GOAL OF THE EXERCISE:
Reproduce the entries shown below only from the line with "DF-7100 Finisher interne" down to the line with "El pasado día", keeping both end lines and copying each one exactly.

SOURCE DATA:
== Segment start ==
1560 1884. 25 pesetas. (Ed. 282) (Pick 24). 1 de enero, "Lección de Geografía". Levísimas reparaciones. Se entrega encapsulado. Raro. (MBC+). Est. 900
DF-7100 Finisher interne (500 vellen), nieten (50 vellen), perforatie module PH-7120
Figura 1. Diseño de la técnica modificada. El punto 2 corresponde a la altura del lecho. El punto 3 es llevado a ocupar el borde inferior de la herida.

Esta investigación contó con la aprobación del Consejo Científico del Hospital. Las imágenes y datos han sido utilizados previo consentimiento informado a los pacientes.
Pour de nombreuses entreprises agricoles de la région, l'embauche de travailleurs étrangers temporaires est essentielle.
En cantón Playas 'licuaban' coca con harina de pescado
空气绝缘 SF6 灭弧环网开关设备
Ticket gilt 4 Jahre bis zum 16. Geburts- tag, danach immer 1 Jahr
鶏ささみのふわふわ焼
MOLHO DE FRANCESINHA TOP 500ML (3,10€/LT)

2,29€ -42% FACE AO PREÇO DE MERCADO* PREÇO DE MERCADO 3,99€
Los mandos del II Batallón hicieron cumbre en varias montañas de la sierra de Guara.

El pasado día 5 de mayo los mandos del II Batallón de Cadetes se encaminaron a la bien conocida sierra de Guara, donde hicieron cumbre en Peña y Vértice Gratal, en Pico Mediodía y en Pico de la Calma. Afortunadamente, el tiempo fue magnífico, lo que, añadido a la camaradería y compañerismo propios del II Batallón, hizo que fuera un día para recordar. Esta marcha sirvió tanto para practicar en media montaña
== Segment end ==
== Segment start ==
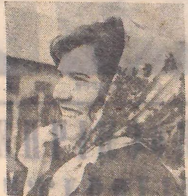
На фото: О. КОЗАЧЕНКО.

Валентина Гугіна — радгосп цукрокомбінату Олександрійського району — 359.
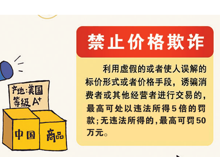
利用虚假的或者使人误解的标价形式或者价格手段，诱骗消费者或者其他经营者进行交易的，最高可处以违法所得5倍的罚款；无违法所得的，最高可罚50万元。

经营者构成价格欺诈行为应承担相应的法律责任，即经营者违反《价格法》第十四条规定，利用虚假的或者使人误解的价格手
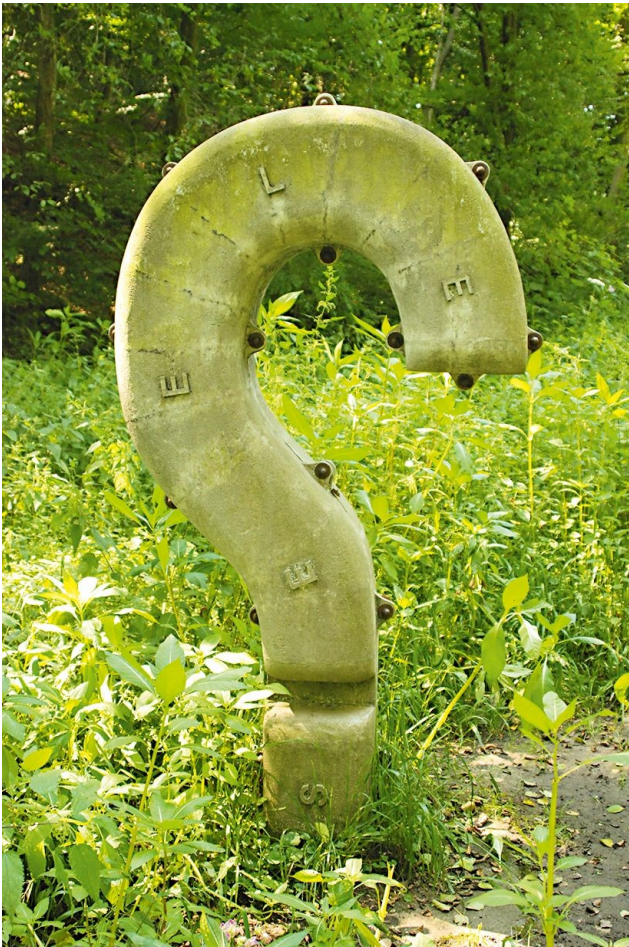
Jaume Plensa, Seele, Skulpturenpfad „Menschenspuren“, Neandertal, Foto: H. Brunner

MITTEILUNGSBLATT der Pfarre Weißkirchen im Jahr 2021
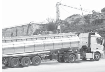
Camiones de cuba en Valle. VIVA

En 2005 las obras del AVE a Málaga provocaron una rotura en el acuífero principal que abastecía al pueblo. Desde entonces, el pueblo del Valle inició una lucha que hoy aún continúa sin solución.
== Segment end ==
== Segment start ==
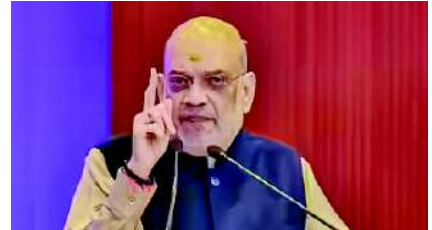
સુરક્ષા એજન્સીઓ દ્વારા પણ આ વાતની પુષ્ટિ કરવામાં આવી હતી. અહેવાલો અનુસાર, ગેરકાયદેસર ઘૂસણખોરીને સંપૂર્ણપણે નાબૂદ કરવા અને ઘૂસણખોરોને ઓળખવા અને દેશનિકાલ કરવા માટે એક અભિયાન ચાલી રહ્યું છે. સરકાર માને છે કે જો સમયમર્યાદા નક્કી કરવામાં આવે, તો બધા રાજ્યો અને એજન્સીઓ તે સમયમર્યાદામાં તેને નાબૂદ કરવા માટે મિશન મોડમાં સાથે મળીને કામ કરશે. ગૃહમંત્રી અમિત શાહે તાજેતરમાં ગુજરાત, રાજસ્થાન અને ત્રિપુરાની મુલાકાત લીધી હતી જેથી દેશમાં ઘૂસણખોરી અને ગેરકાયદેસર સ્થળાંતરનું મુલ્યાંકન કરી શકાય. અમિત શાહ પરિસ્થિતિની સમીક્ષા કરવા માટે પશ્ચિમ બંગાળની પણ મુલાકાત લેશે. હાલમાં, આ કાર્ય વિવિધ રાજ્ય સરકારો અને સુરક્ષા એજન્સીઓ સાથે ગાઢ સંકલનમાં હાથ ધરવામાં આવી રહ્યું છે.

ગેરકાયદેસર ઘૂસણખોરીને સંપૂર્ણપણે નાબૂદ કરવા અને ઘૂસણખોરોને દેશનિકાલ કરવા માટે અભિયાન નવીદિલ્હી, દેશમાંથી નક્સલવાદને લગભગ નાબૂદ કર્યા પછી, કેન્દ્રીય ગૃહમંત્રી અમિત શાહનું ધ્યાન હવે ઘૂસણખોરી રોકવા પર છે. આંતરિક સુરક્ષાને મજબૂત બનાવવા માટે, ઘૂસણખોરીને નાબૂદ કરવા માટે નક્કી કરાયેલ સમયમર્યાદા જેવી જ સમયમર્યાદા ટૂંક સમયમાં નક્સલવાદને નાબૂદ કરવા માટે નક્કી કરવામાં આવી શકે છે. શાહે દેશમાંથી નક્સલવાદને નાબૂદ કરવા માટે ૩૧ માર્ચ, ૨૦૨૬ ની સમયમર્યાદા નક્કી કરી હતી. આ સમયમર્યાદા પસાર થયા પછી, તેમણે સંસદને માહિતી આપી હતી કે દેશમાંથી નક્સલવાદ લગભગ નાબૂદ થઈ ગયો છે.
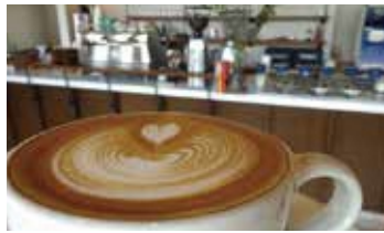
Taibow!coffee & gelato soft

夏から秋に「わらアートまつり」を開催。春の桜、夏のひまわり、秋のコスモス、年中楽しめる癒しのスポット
== Segment end ==
REPLY TO THE EXERCISE:
DF-7100 Finisher interne (500 vellen), nieten (50 vellen), perforatie module PH-7120
Figura 1. Diseño de la técnica modificada. El punto 2 corresponde a la altura del lecho. El punto 3 es llevado a ocupar el borde inferior de la herida.

Esta investigación contó con la aprobación del Consejo Científico del Hospital. Las imágenes y datos han sido utilizados previo consentimiento informado a los pacientes.
Pour de nombreuses entreprises agricoles de la région, l'embauche de travailleurs étrangers temporaires est essentielle.
En cantón Playas 'licuaban' coca con harina de pescado
空气绝缘 SF6 灭弧环网开关设备
Ticket gilt 4 Jahre bis zum 16. Geburts- tag, danach immer 1 Jahr
鶏ささみのふわふわ焼
MOLHO DE FRANCESINHA TOP 500ML (3,10€/LT)

2,29€ -42% FACE AO PREÇO DE MERCADO* PREÇO DE MERCADO 3,99€
Los mandos del II Batallón hicieron cumbre en varias montañas de la sierra de Guara.

El pasado día 5 de mayo los mandos del II Batallón de Cadetes se encaminaron a la bien conocida sierra de Guara, donde hicieron cumbre en Peña y Vértice Gratal, en Pico Mediodía y en Pico de la Calma. Afortunadamente, el tiempo fue magnífico, lo que, añadido a la camaradería y compañerismo propios del II Batallón, hizo que fuera un día para recordar. Esta marcha sirvió tanto para practicar en media montaña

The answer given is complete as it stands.